Court Opinion

ID: 8256166
Source: CourtListenerOpinion
Date Created: 2022-10-16 15:31:48.965605+00
Date Added: 2024-06-11T16:43:00.026356
License: Public Domain

*179Opinion of the court by
Mr. Justice Clayton.
This was an action of assumpsit upon a promissory note in which there is an omission of some word that would express the time when it is payable. It reads, “Twenty-four'after date,” not saying whether days, months, or years were intended. The declaration avers that months were intended. Upon the trial the defendants objected to the reading of the note to the jury. The plaintiff then offered to explain the ambiguity by a witness, but the court suffered the note to be read, and refused to hear other evidence. To this the defendants excepted. Yer.dict and judgment were rendered for the plaintiff, and the case comes by appeal to this court.

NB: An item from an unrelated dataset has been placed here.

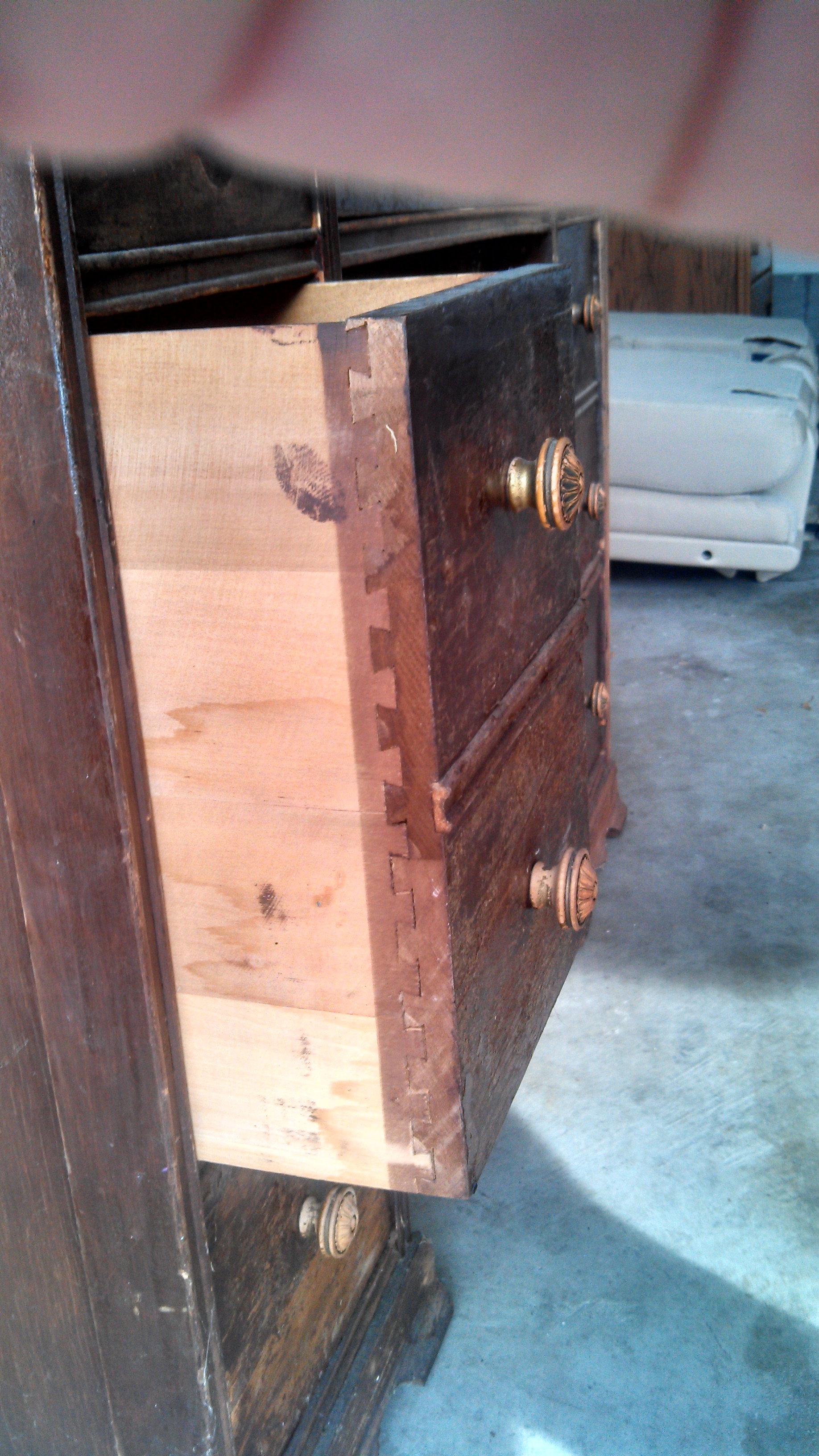 Deep middle drawer on left side missing left drawer railing.

It is urged that the note should have been excluded, because it was by law a note payable on demand, and therefore varied from the note- described in the declaration. When no time of payment is fixed in a note it is payable on demand. 5 Cow. 517; 8 Johns. 192. But this is not a note of that kind. It is evidently payable at some time after the date, either days, months or years. The holder could not disregard its words and go for immediate payment. He might have filled it -up with the time really intended, and which had been omitted by mistake, and such alteration would not vitiate. Chitty on Bills, 206-7. But surely if the plaintiff had declared as upon a note payable on demand, this note could not have been read in support of the allegation.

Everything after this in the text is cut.